◆ Task
The reply should hold only the lines below beginning at the one with "- EVO 300: B" and ending at the one with "Σε ανάρτησή του", copied exactly, with every picture left out.

◆ Input data
#####

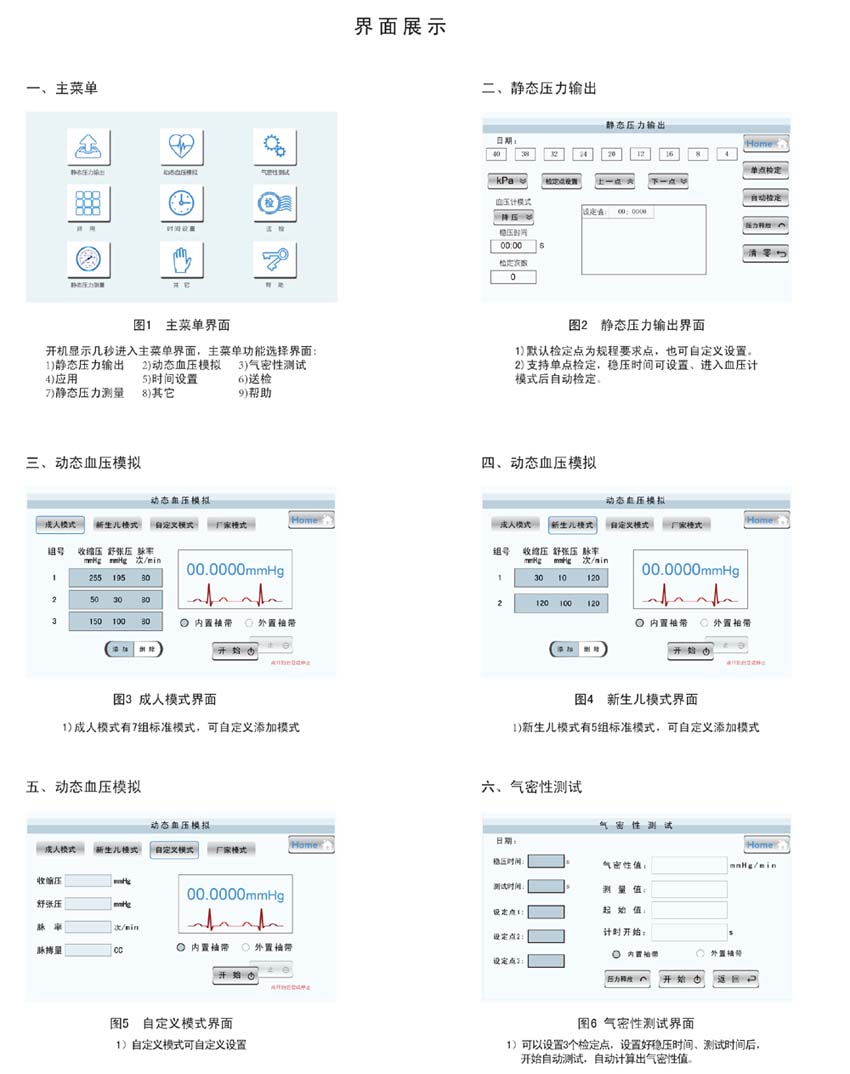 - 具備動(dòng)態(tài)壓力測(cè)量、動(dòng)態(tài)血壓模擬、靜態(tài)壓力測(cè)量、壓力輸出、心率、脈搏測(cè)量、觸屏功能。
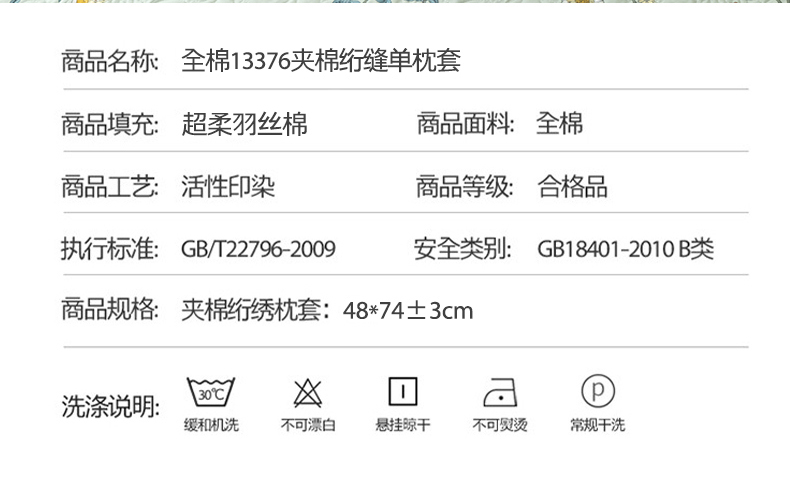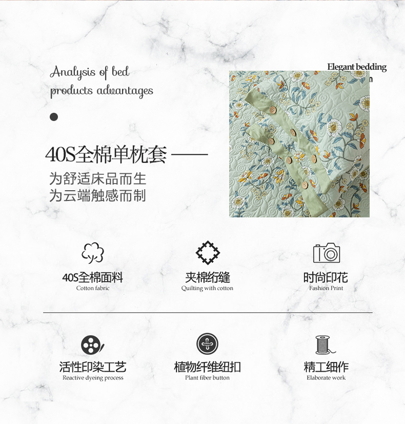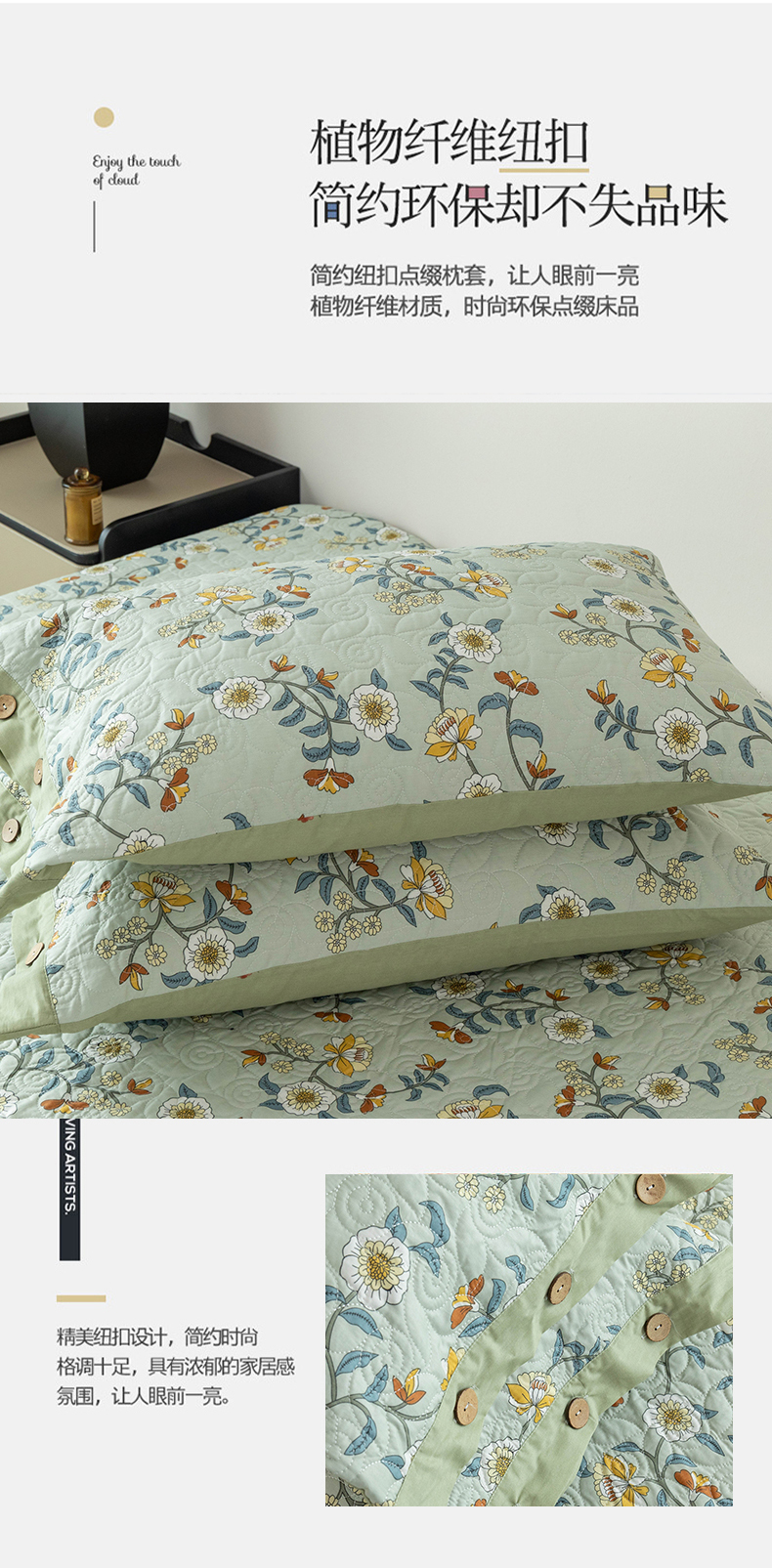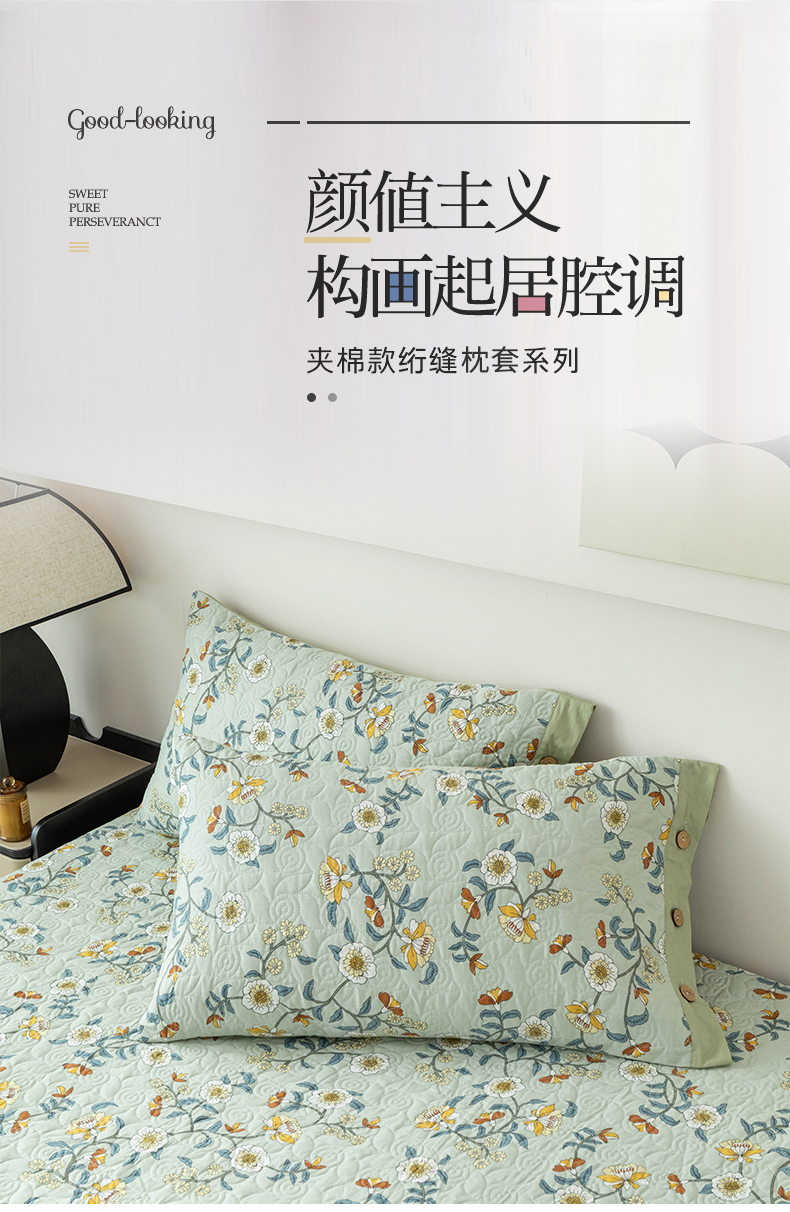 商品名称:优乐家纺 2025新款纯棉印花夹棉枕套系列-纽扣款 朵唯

#####

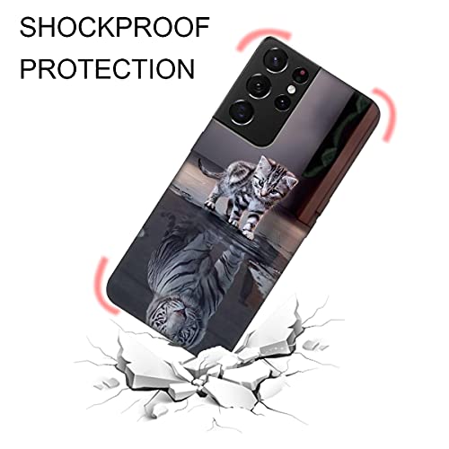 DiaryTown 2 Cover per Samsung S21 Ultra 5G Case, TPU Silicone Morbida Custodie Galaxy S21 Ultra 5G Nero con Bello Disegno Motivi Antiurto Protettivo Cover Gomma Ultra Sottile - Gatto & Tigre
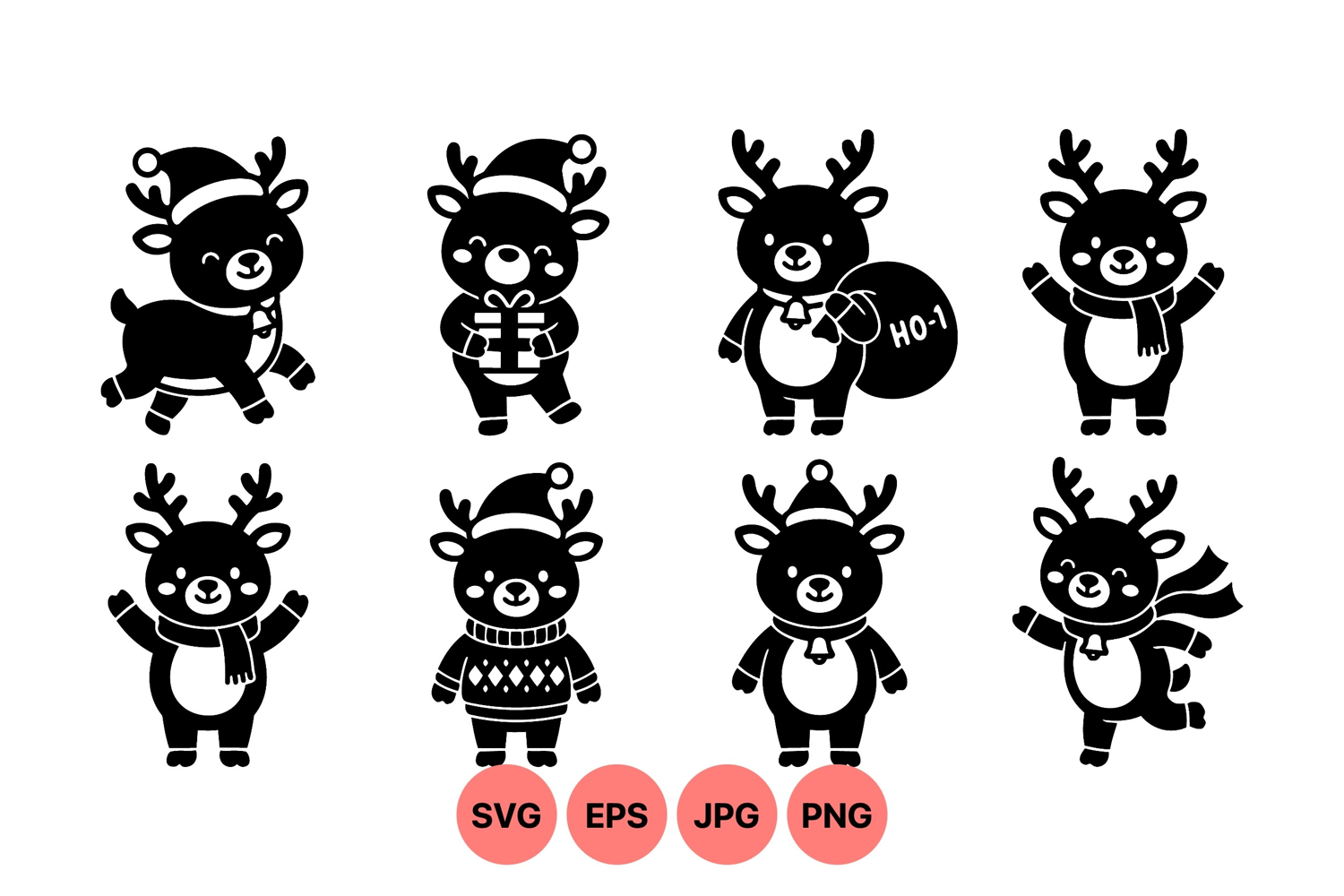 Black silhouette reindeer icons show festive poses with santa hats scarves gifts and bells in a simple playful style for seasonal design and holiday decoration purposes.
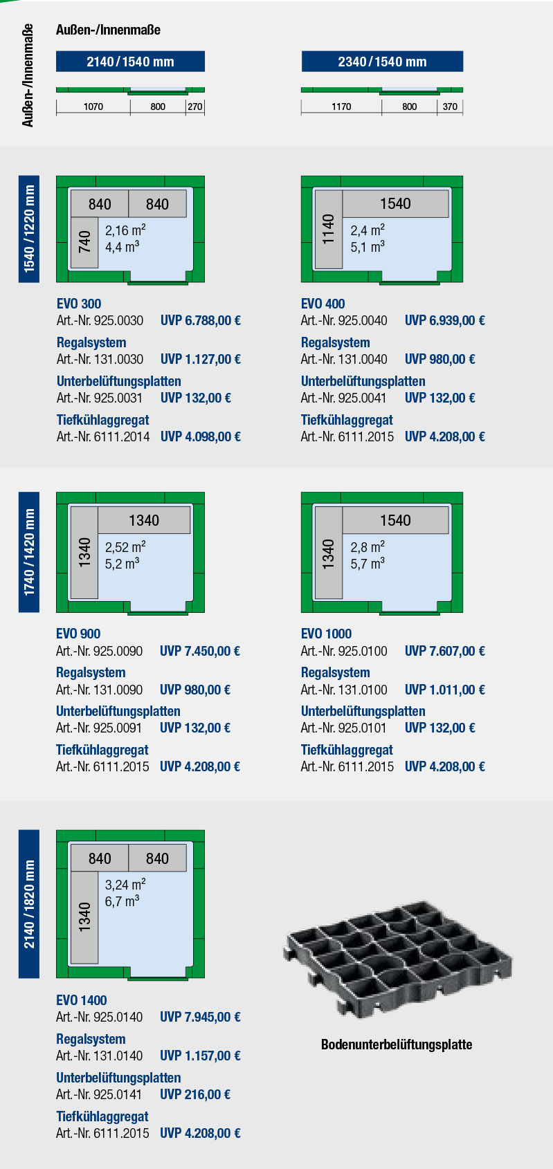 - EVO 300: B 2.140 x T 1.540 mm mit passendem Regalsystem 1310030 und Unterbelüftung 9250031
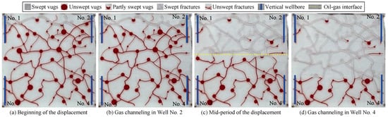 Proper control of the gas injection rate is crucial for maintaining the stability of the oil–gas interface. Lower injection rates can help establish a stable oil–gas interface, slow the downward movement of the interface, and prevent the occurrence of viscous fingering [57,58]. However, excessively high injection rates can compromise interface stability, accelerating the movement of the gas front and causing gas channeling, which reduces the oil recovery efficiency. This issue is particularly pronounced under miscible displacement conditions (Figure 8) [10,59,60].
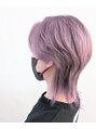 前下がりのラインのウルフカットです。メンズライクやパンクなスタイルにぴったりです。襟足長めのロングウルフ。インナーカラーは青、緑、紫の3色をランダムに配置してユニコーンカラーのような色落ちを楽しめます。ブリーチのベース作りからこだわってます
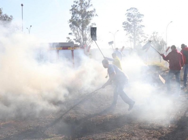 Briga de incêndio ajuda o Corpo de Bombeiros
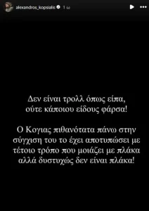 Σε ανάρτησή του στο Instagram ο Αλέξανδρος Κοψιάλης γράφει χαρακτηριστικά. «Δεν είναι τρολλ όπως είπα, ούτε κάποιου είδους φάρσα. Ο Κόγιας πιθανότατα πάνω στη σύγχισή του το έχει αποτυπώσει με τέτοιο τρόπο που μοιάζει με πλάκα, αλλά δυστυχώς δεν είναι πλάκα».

#####

◆ Exercise result
 - EVO 300: B 2.140 x T 1.540 mm mit passendem Regalsystem 1310030 und Unterbelüftung 9250031
 Proper control of the gas injection rate is crucial for maintaining the stability of the oil–gas interface. Lower injection rates can help establish a stable oil–gas interface, slow the downward movement of the interface, and prevent the occurrence of viscous fingering [57,58]. However, excessively high injection rates can compromise interface stability, accelerating the movement of the gas front and causing gas channeling, which reduces the oil recovery efficiency. This issue is particularly pronounced under miscible displacement conditions (Figure 8) [10,59,60].
 前下がりのラインのウルフカットです。メンズライクやパンクなスタイルにぴったりです。襟足長めのロングウルフ。インナーカラーは青、緑、紫の3色をランダムに配置してユニコーンカラーのような色落ちを楽しめます。ブリーチのベース作りからこだわってます
 Briga de incêndio ajuda o Corpo de Bombeiros
 Σε ανάρτησή του στο Instagram ο Αλέξανδρος Κοψιάλης γράφει χαρακτηριστικά. «Δεν είναι τρολλ όπως είπα, ούτε κάποιου είδους φάρσα. Ο Κόγιας πιθανότατα πάνω στη σύγχισή του το έχει αποτυπώσει με τέτοιο τρόπο που μοιάζει με πλάκα, αλλά δυστυχώς δεν είναι πλάκα».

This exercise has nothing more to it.